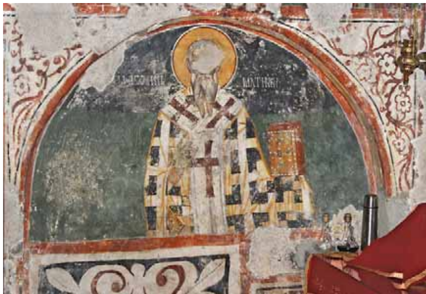
Сл. 6. Свџти Јован Милостиви Fig. 6. St John the Almsgiver

мрких сенки непрозирно су дубоке, а инкарнат је некако тврд и металног сјаја, пепељаст у боји. Ликови су прилично грубо исцртани, делују укочено и схематизовано. Увећаних су глава у односу на тело, сапетих и неприродних ставова, често без праве племенитости у поставци. Извео их је сликар без великог дара и нарочитог уметничког замаха, који није умео да подари звонкост боји. Колористичка сазвучја сирова су му и заморна, а сликана материја је без изразитије лепоте. 15 Једноличност, сувоћа и неинвентивност осећају се и на деловима његовог орнаменталног сликарства у зони сокла, знатно вишег у певничком трансепту но у подужном броду и олтарској апсиди.
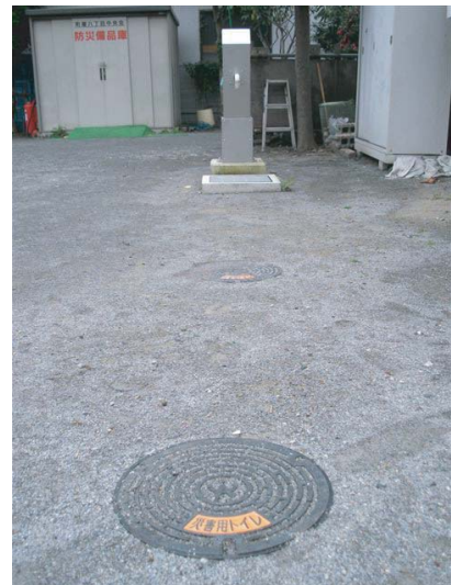
マンホールのフタにも「災害用トイレ」と明示

東京都江戸川区、千葉県松戸市のマンションに隣接する形で防災用手押しポンプとしてご使用頂いてます。近隣住民の方も使用でき、安全なマンションが震災時に人の集まれる場所になればとの思いが込められています。
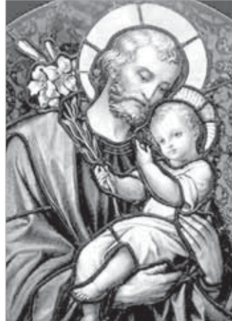
SÃO JOSÉ OPERÁRIO

Comunidade Santo Expedito - R. Seringueira, 331 - Estância dos Eucaliptos.
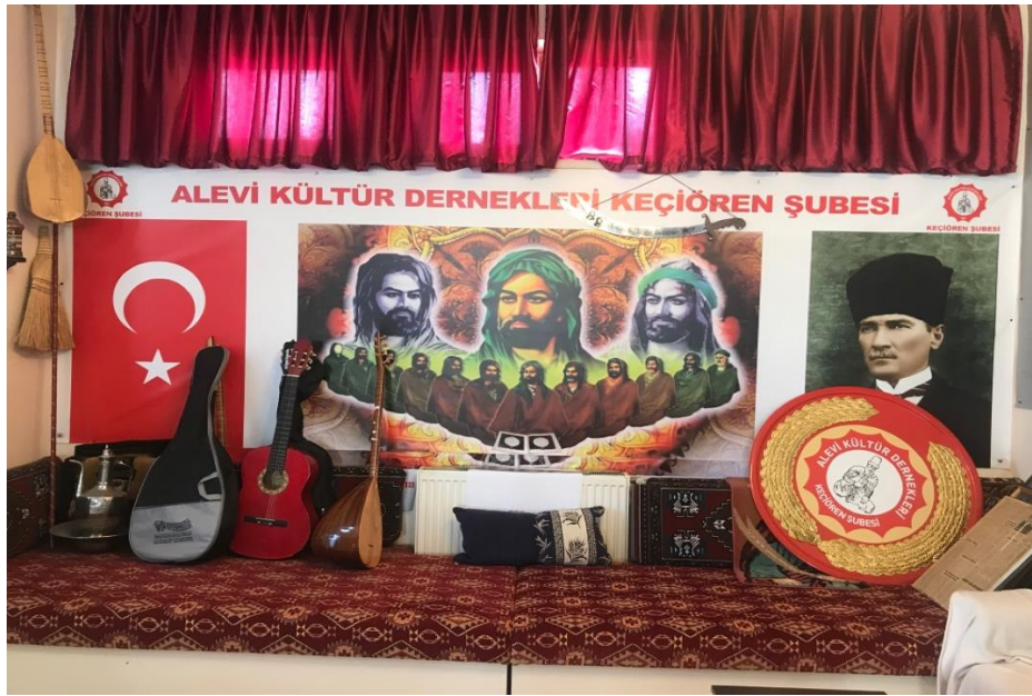
Resim 2.3. Cemevi
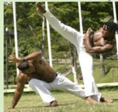
Banco de imagem

Vale lembrar que a AABB possui outras atividades físicas disponíveis. Quem desejar mais informações sobre essas e outras modalidades deve entrar em contato pelo telefone (51) 3243.1021 ou acessar o site www.aabbportoalegre.com.br .
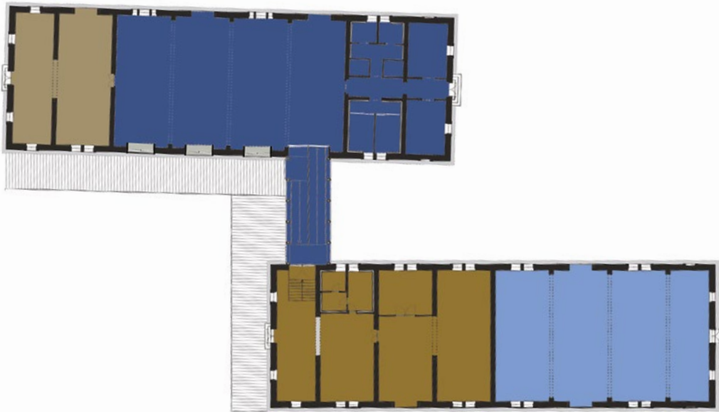
Edifici 1 e 2 - Piano funzionale mercato e produttivo
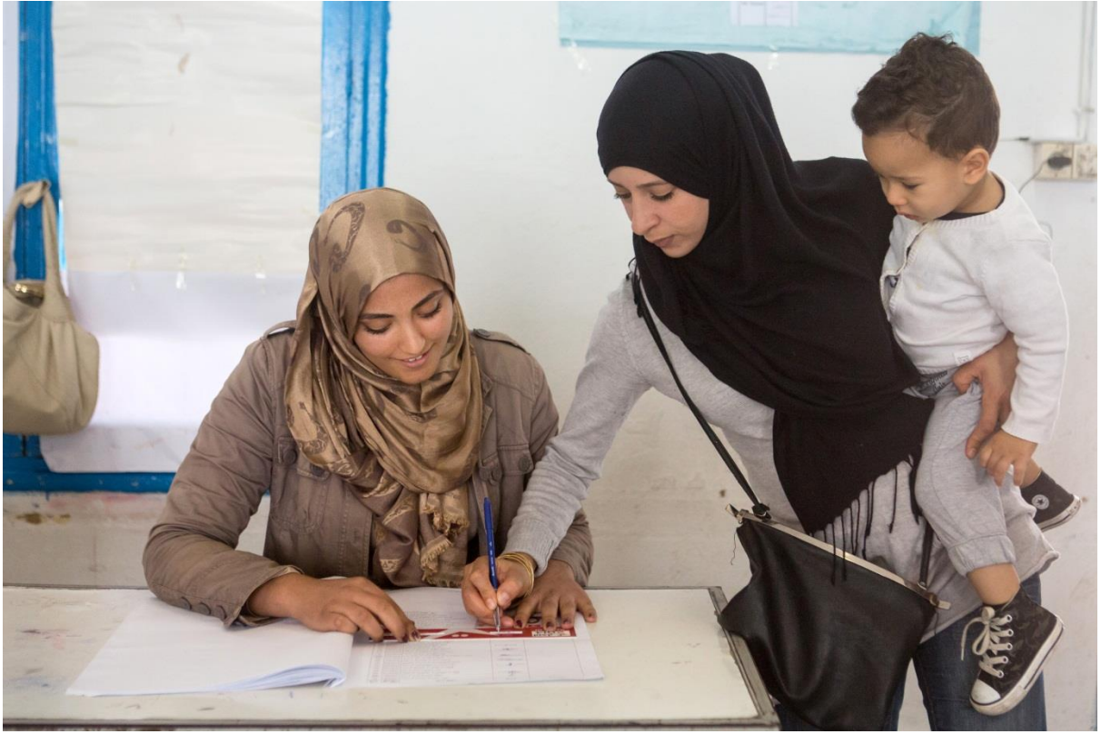
امراة تونسية توقع على السجل الإنتخابي قبل التصويت. تم تعيين مراكز الاقتراع. خصص لكل مكتب إقتراع حتى 600 ناخب الذين تحققوا من تسجيلهم في المكاتب بإظهار الهوية و التوقيع على قائمة الناخبين

منها لما جاء في القانون. و لاحظ مركز كارتر أن هذا القانون و إن كان يدعو إلى مجرّد نشر قوائم الناخبين ليطلع عليها المواطنون، فإنّه لم يطبّق بشكل موحد في جميع المناطق. فإن كانت هذه القوائم قد نشرت بشكل علني أحيانا، فإنّها لم تكن متاحة في أحيان أخرى بشكل يسهل معه الإطلاع عليها 55 . و قد كان هناك نقص ملحوظ في المواد التعليمية الخاصة بتوعية الناخبين حول كيفية وسبب إعادة النظر في القوائم. و تم تقديم ما مجموعه 87 اعتراضا حول تسجيل الناخبين من قبل
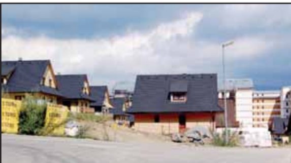
Učupené drevenice a v tesnej blízkosti hotelisko: ani architektúra, ani urbanizmus, ani územné plánovanie!

to už stabilizovaný kolektív, ktorý sa roky prakticky nemení. „Čistota, kvalita stravy, doplnkové služby,“ vymenúva riaditeľ kritériá, ktoré pre dokonalý servis považuje za najdôležitejšie. Preto zariadenie ponúka – na naše rezortné pomery – neobvykle veľký sortiment doplnkových služieb, možnosť zápožičiek bicyklov, korčulí a ostatných zariadení na aktívne
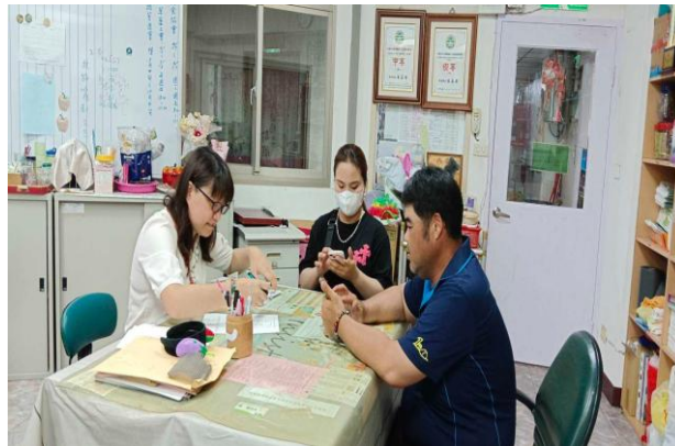
與律師會談，通譯在旁協助
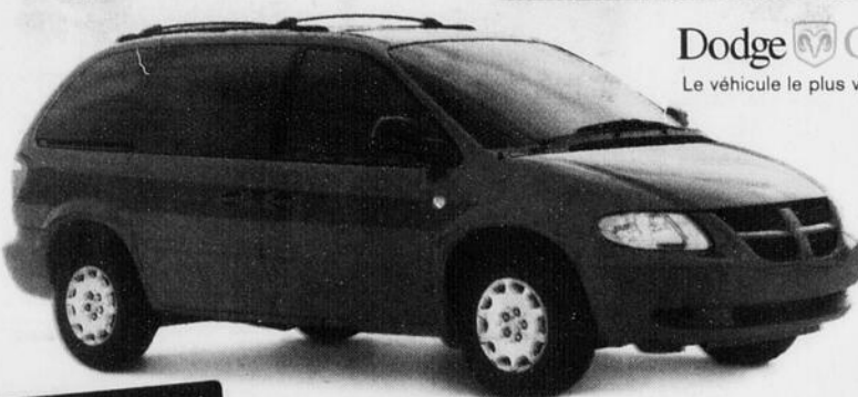
Dodge Caravan 2002

Dodge Caravan Le véhicule le plus vendu au pays.
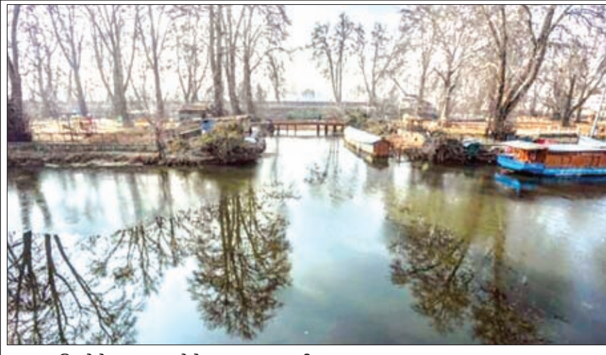
तापमान गिरने के कारण जमने के कगार पर डल झील।

है। बिहार के कई शहर और जिलों में पिछले तीन दिनों से कड़ाके की ठंड पड़ रही है। गुरुवार को यहां का तापमान 8 डिग्री पहुंच गया है और अधिकतम तापमान 21 डिग्री दर्ज किया गया है। यहां 26 सालों बाद बुधवार सबसे सर्द दिन रहा। समस्तीपुर जिले में न्यूनतम तापमान 8 डिग्री सेल्सियस दर्ज किया गया। राजस्थान में शिमला और श्रीनगर से भी ज्यादा सर्दी रिकॉर्ड हुई। सबसे ठंडा मार्डेट आबू रहा।
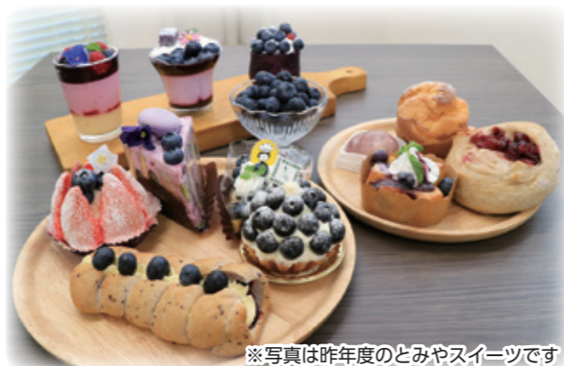
※写真は昨年度のとみやスイーツです

菓子処いさわ屋/白いオルゴール/ぱいら・びーんず/ お菓子のアトリエ・ムー/マツフェン明石台本店/餅よし/ 石窯パン工房パンセ富谷本店/MonaMona富谷成田店/ ノワイエ/パン・デ・パルコ (順不同)
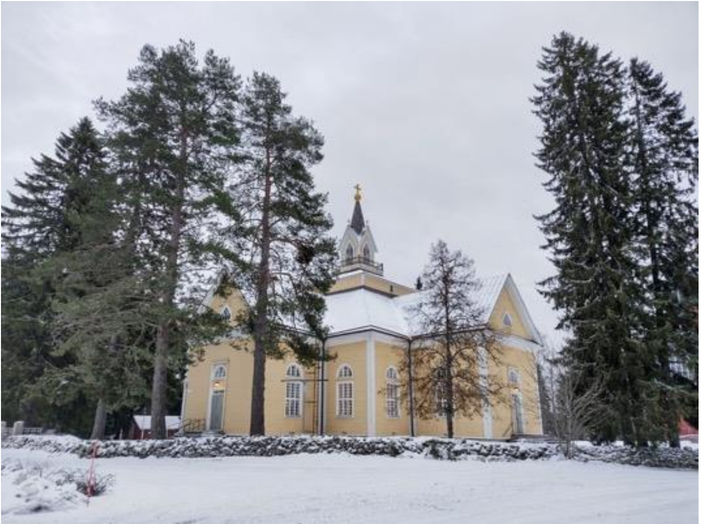
Kuva 24 Enon kirkko. Maiju Ahlholm 2023.
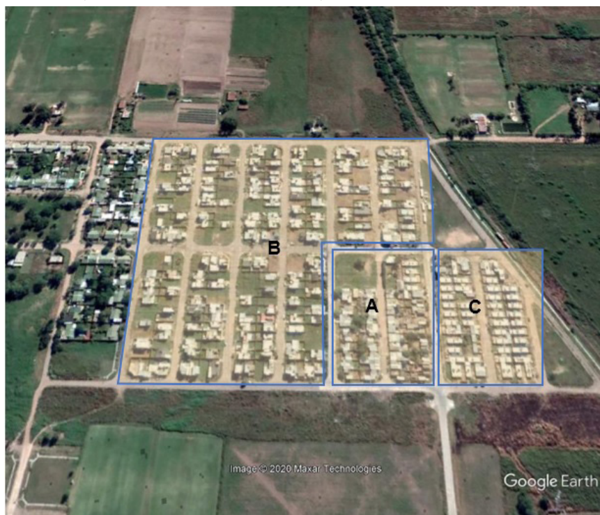
Figura 2. Nueva Esperanza Este . Áreas según intervenciones habitacionales

Referencias: A) primeras viviendas de la zona, conocidas como “quinchitos” (2010); B) viviendas enmarcadas en Pro.Cre.Ar (edificadas entre 2015-2016 aproximadamente); y C) viviendas correspondientes al Programa de Reconstrucción de la Ciudad (2016-2017)
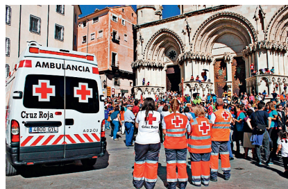
■ El dispositivo contó con dos ambulancias de S.V.B.

El equipo de voluntarios formado por 32 socorristas, 16 técnicos en emergencias sanitarias, cuatro enfermeros y un médico cirujano acometió 176 atenciones sanitarias durante las fiestas de San Mateo, y contó con el apoyo de un grupo de voluntarios de Cruz Roja de Albacete. En el dispositivo se han empleado dos ambulancias y un puesto de socorro y primeros auxilios que fue instalado en los arcos del Ayuntamiento, dotado con una sala de triaje, zona de observación, sala de curas, farmacia y quirófano.
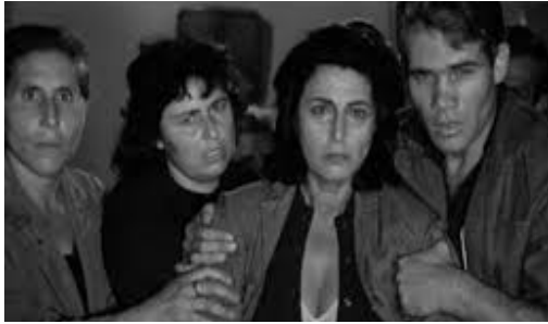
Mamma Roma, 1962
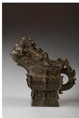
ゲン兕觥 西周前期・前11世紀
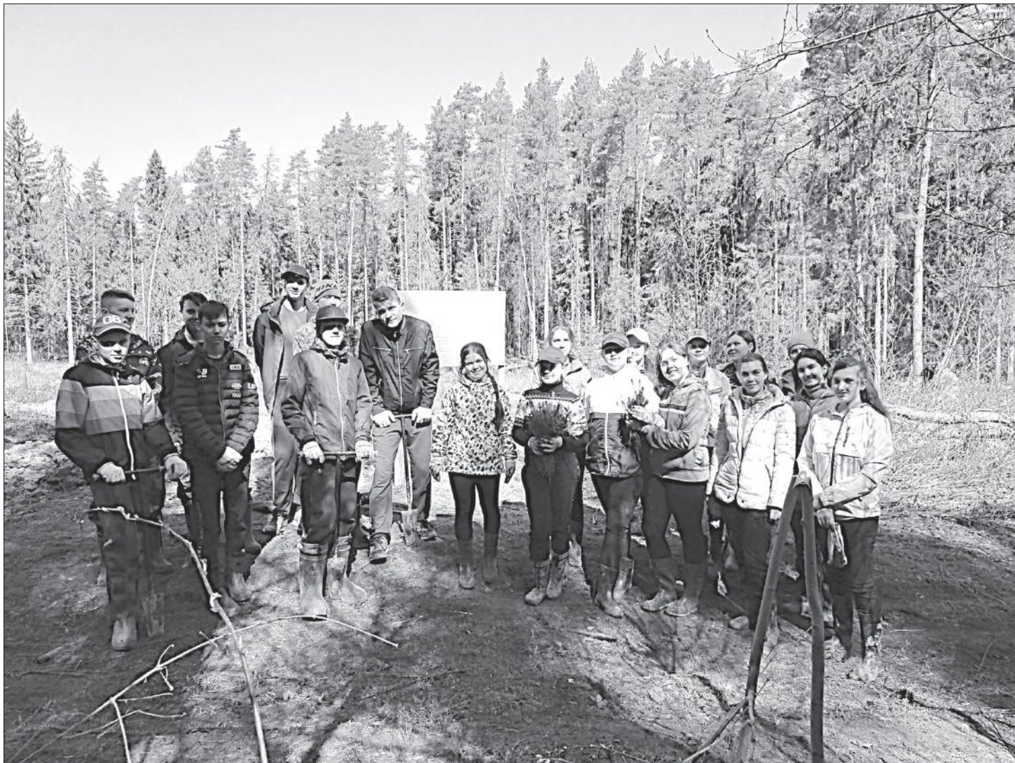
Группа волонтеров МБОУ СОШ №6

- **Task directions**: Using the material above, reproduce only the lines that run from the line with "Učupené drevenice a" up to and including the line with "ambulancias de S.V.B.", exactly, with the pictures dropped.

- **Output for this exercise**:
Učupené drevenice a v tesnej blízkosti hotelisko: ani architektúra, ani urbanizmus, ani územné plánovanie!

to už stabilizovaný kolektív, ktorý sa roky prakticky nemení. „Čistota, kvalita stravy, doplnkové služby,“ vymenúva riaditeľ kritériá, ktoré pre dokonalý servis považuje za najdôležitejšie. Preto zariadenie ponúka – na naše rezortné pomery – neobvykle veľký sortiment doplnkových služieb, možnosť zápožičiek bicyklov, korčulí a ostatných zariadení na aktívne
與律師會談，通譯在旁協助
Dodge Caravan 2002

Dodge Caravan Le véhicule le plus vendu au pays.
तापमान गिरने के कारण जमने के कगार पर डल झील।

है। बिहार के कई शहर और जिलों में पिछले तीन दिनों से कड़ाके की ठंड पड़ रही है। गुरुवार को यहां का तापमान 8 डिग्री पहुंच गया है और अधिकतम तापमान 21 डिग्री दर्ज किया गया है। यहां 26 सालों बाद बुधवार सबसे सर्द दिन रहा। समस्तीपुर जिले में न्यूनतम तापमान 8 डिग्री सेल्सियस दर्ज किया गया। राजस्थान में शिमला और श्रीनगर से भी ज्यादा सर्दी रिकॉर्ड हुई। सबसे ठंडा मार्डेट आबू रहा।
※写真は昨年度のとみやスイーツです

菓子処いさわ屋/白いオルゴール/ぱいら・びーんず/ お菓子のアトリエ・ムー/マツフェン明石台本店/餅よし/ 石窯パン工房パンセ富谷本店/MonaMona富谷成田店/ ノワイエ/パン・デ・パルコ (順不同)
Kuva 24 Enon kirkko. Maiju Ahlholm 2023.
Figura 2. Nueva Esperanza Este . Áreas según intervenciones habitacionales

Referencias: A) primeras viviendas de la zona, conocidas como “quinchitos” (2010); B) viviendas enmarcadas en Pro.Cre.Ar (edificadas entre 2015-2016 aproximadamente); y C) viviendas correspondientes al Programa de Reconstrucción de la Ciudad (2016-2017)
■ El dispositivo contó con dos ambulancias de S.V.B.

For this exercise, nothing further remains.